Data to examine: Begin

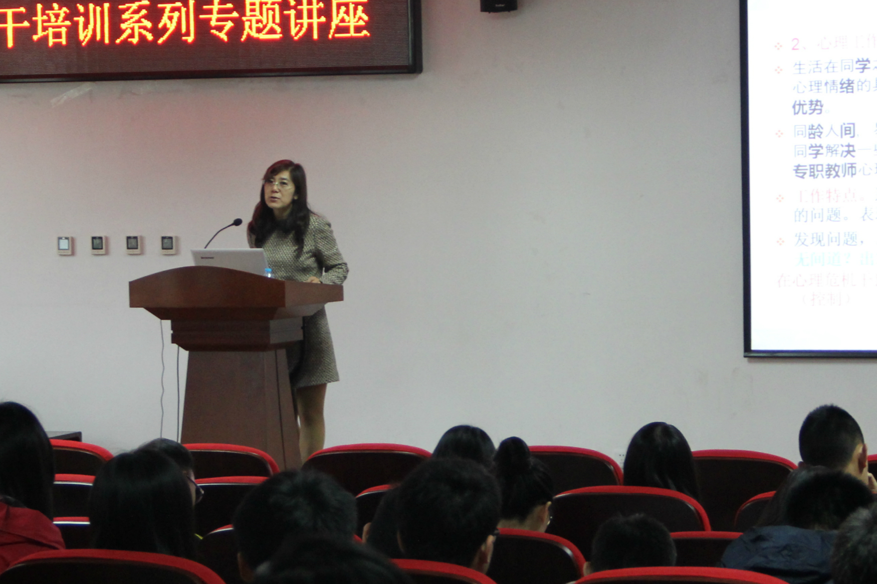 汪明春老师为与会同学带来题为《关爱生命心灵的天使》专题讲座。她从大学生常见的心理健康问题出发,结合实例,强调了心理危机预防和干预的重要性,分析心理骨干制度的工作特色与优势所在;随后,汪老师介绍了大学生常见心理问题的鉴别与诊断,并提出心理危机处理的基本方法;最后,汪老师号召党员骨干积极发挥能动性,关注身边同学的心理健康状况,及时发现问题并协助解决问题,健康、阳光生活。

Data to examine: End
Data to examine: Begin

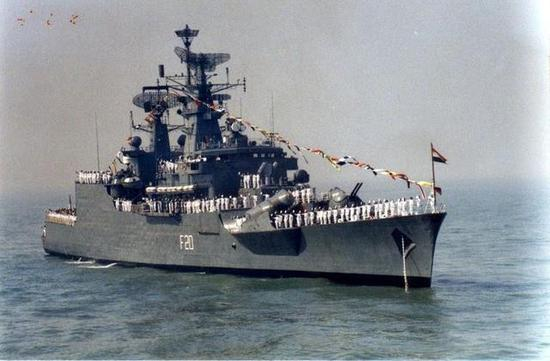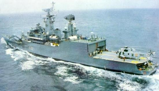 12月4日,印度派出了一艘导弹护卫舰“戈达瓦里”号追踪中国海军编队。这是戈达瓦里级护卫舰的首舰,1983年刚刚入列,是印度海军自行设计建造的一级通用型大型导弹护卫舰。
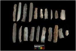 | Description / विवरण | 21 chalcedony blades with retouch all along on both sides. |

Data to examine: End
Data to examine: Begin

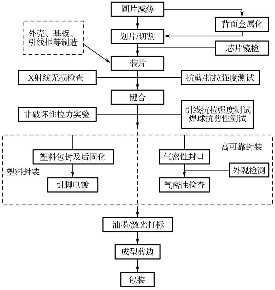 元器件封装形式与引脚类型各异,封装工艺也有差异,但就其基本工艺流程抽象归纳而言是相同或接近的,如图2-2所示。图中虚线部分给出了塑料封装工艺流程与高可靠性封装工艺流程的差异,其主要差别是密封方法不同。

Data to examine: End

▸ **Task to complete**
Would you copy, word for word, only the lines above from the one containing "12月4日,印度派出了一艘导" through the one containing "both sides. |", both included, and please leave out the pictures?

▸ **Answer box**
 12月4日,印度派出了一艘导弹护卫舰“戈达瓦里”号追踪中国海军编队。这是戈达瓦里级护卫舰的首舰,1983年刚刚入列,是印度海军自行设计建造的一级通用型大型导弹护卫舰。
 | Description / विवरण | 21 chalcedony blades with retouch all along on both sides. |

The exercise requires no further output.